FIGURE 2.

Effect of β-ME on the oxidized WT ClC-0 current. Whole-oocyte current was compared before (A and B) and after (C and D) 5 mM β-ME treatment for 1 h. Temperature was ∼20°C. (A) Time course of current activation by protocol 1, with one pulse every 2 s. The current at the end of +60 mV (○) and −150 mV (•) are plotted against time. The recording traces within the inset box are taken from 0-, 58-, and 118-s time points, respectively. The oocyte current did not increase significantly, even though a −150 mV voltage step for 100 ms was applied every 2 s. (B) After the recordings in A, the same oocyte was immediately evaluated with protocol 2, with the test voltages from +60 mV to −160 mV in −20-mV steps. (C and D) Whole-cell current of the same oocyte as that examined in A and B after the oocyte was treated with β-ME. The experimental manipulations in C and D were the same as those in A and B, respectively.
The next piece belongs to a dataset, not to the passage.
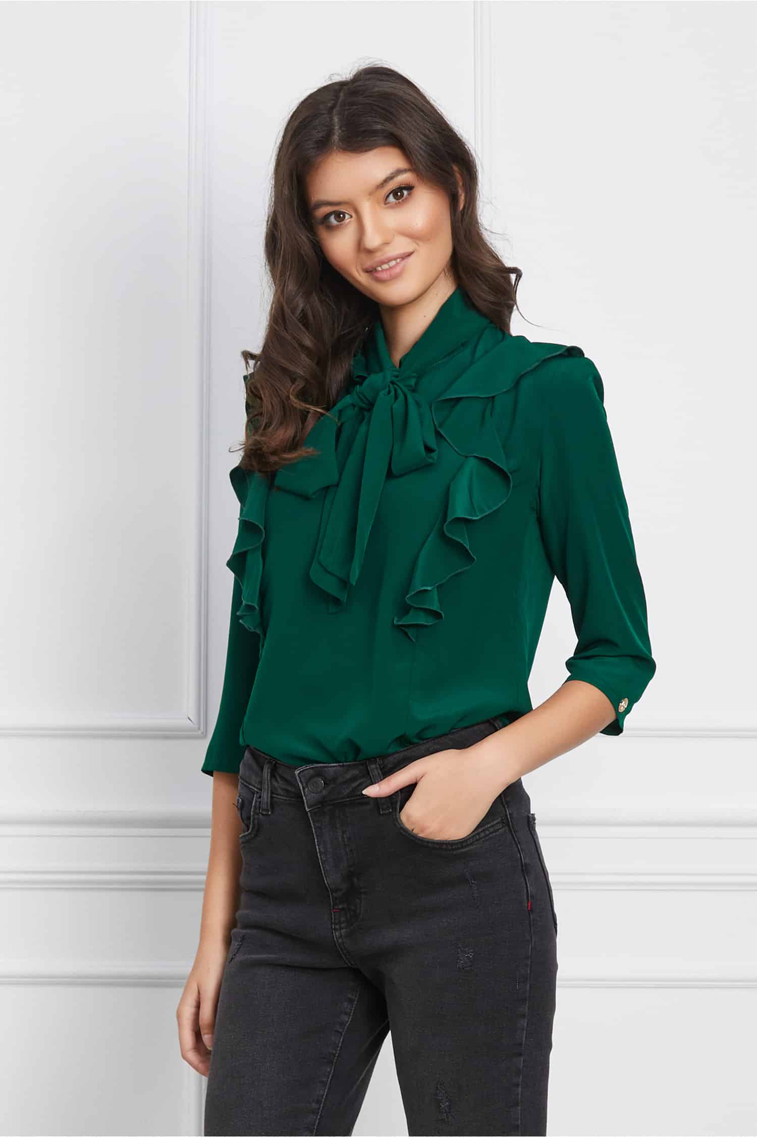 Bluza Dy Fashion verde cu volanase pe bust si funda la guler

Current traces in the inset box are the same time points as those described in A. Notice that the current measured at +40 mV is monotonically increased to a much higher level by the −150 mV voltage step (see ○in C), and the current deactivation at negative potentials is prominent, resulting in the typical crossover of the recording traces at negative voltages (see recording traces at −120, −140, and −160 mV in D).